They say that the hot fashionable color this season is green. Models cavort in vetiver sweaters, cozy up in pea green pea coats, extend dainty toes in acid green sandals, flutter coy lashes over emerald contacts, and frolic in jadeite kitchens wielding translucent green mini-vacs. What accounts for this rampant kudzu of greenness? Is it a longing for the living colors of spring in the midst of the black and white of winter?
If so, it's a longing that is not expressed in a Western idiom. Here, in Southern California, green is the color of winter. It is the color of the bright shoots of new grass that poke up after rains, the lush density of clover, the clean olives of the chapparal washed clean by the storms. These Western greens are clear, bright or yellow-tinged greens, greens poorly represented in your typical box of Crayolas or colored pencils. As a kid growing up in California, I was both frustrated and mystified by the crayon labeled simply "green" in the bright yellow box. It was a color I'd never seen in the trees and plants around me, a weird waxy color that seemed to have more in common with food coloring than anything alive. "Yellow-green" was adequate -- it bore some resemblance to the familiar local vegetation -- and "pine green" was acceptable too. But according to the manufacturers, neither was the essence of green, just derivatives. So I ignored the "green" and satisfied myself by drawing forests with lots of pine trees and sprigs of new grass. It was not until a few years ago, when I lived in the upper Midwest, that I finally saw "green" in anything other than man-made objects. There, the new-grown grass was that color -- and it felt weird and wrong. Where was the cheerful new-grass green of my childhood? Were generations of Midwestern children growing up looking at "yellow-green" disdainfully, or did they simply assume the universality of their "green"?
This unthinking alienation of the West, its peoples and environments, from national culture, is nothing new. Explorers who first came to the West from the deep greenery of the humid East were stunned into uncomprehending silence when confronted with the red rock of the deserts, the olives of the chapparal, the duns and ochers of the California hills. They shoe-horned what they saw into pre-existing categories, and preferred to ignore the parts that spilled over the edges.

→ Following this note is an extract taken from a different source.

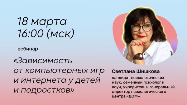 Поговорим о зависимости от компьютерных игр и интернета у детей и подростков! 18 марта 2026 года в 16:00 по московскому времени в прямом эфире кандидат психологических наук, семейный психолог и коуч, учредитель и генеральный директор психологического центра «ДОМ» Шишкова Светлана Юлиановна поможет разобраться в причинах формирования игровой и интернет-зависимости, научит родителей распознавать признаки проблемного поведения, предложит эффективные методы профилактики и коррекции этого состояния. Запись будет доступна в нашем сообществе, поэто… — Читать дальше

Federal ignorance of local ecoscapes was profound; even knowledge of basic Western geography was flawed. (I have on occasion had to educate relatives and acquaintances who thought that living in San Diego meant that I was only a few hours' drive from the Bay Area; in my research, I came across similar ignorance in a letter from one D.C. official who wondered if San Francisco was part of the local agent's daily rounds. Similarly, I'm sure nearly everyone in the Bay Area has encountered tourists in tank tops and flip-flops freezing in "sunny" California's chilly summer fogs.) Suspicion of historic Western resentment of the federal hands that fed them is common in my field, but it's hard not to sympathize, as a Westerner myself, with that feeling of irritation with those who make decisions knowing so little about this part of the country, and, worse, not realizing the depths of their ignorance.
It's at moments like this when I wonder about the extent to which my political beliefs have been shaped by this heritage and this environment. Awareness of environmental limitations, suspicion of federal bureaucrats coupled with dependence on federal largesse, insistence on local input, independence coupled with frontier-esque pulling together -- these are integral parts of Western history and culture. We are used to lumping the inland Western states with the rural South instead of the Pacific Coast, used to seeing the key distinctions as urban/rural, minority/white, secular/religious -- but by those standards, the inland West is less like the South than it is like the coastal West. The West is a very diverse region, and historically highly religious (albeit in often weird, inventive ways), and its development has been, popular beliefs aside, an intrinsically urban one. It is a highly federalized region, sometimes uncomfortably, but inarguably and of necessity. The South historically viewed the world in racial black and white, spurned the federal government to the point of war and beyond, built its economy on agriculture from day one, and is religious but in a comparatively homogenous way. It is not the most logical ally of the Western states (which may explain why Texas is such an odd place, partaking as it does of both regions and cultures), inland as well as coastal. Perhaps the coastal and inland Wests need to rethink their political identity, not in terms of blue and red, but in terms of the bright green of new winter grass.